*DATASET EXCERPT*
***

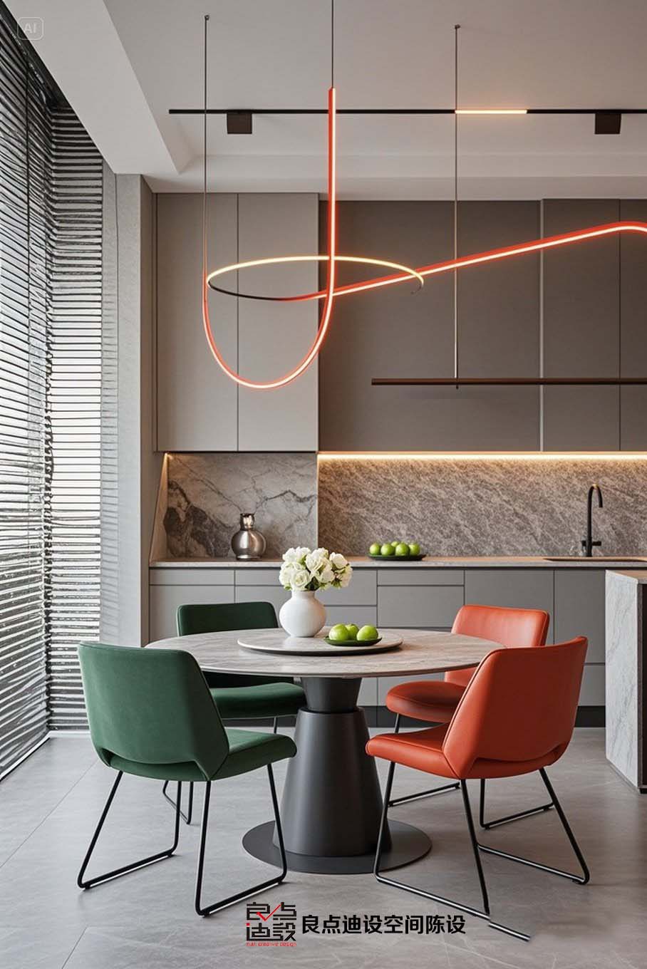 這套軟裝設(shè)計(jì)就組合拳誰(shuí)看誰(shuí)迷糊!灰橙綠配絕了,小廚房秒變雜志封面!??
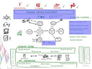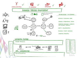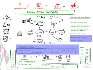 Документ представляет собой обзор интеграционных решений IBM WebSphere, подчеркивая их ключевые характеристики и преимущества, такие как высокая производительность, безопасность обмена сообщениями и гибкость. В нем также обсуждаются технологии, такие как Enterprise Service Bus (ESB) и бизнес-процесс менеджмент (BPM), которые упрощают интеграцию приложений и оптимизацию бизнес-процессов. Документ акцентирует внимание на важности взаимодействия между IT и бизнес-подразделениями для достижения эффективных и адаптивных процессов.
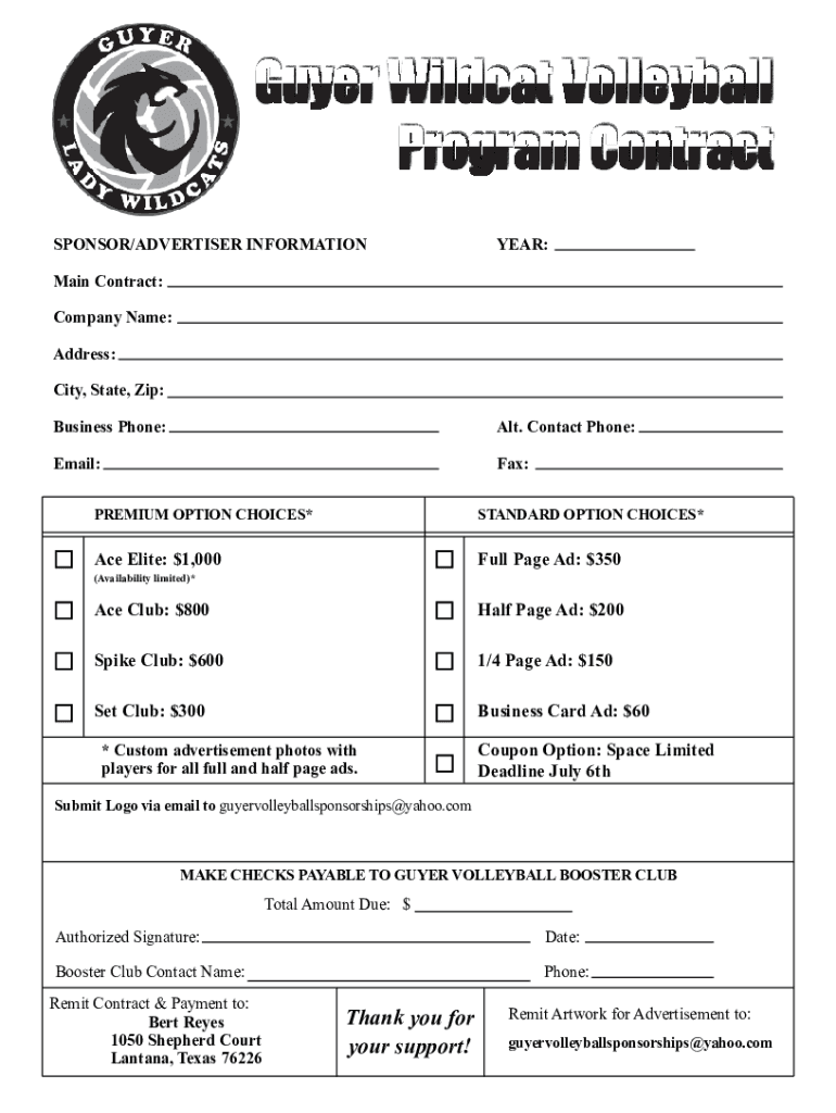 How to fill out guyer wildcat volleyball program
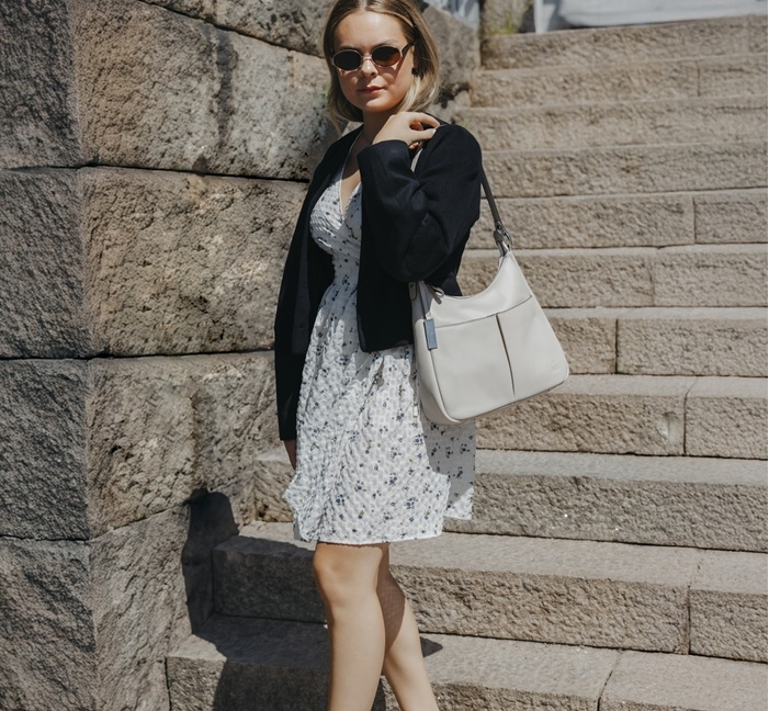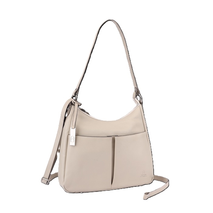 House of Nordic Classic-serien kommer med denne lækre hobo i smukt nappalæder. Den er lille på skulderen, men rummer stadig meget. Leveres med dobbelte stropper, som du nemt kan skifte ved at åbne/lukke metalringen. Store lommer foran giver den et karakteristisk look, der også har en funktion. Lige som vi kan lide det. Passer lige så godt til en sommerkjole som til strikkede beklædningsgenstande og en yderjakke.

***

Starting at the line that holds "How to fill", copy each line exactly through the end of the material above, keeping both ends and dropping the pictures.

 How to fill out guyer wildcat volleyball program
 House of Nordic Classic-serien kommer med denne lækre hobo i smukt nappalæder. Den er lille på skulderen, men rummer stadig meget. Leveres med dobbelte stropper, som du nemt kan skifte ved at åbne/lukke metalringen. Store lommer foran giver den et karakteristisk look, der også har en funktion. Lige som vi kan lide det. Passer lige så godt til en sommerkjole som til strikkede beklædningsgenstande og en yderjakke.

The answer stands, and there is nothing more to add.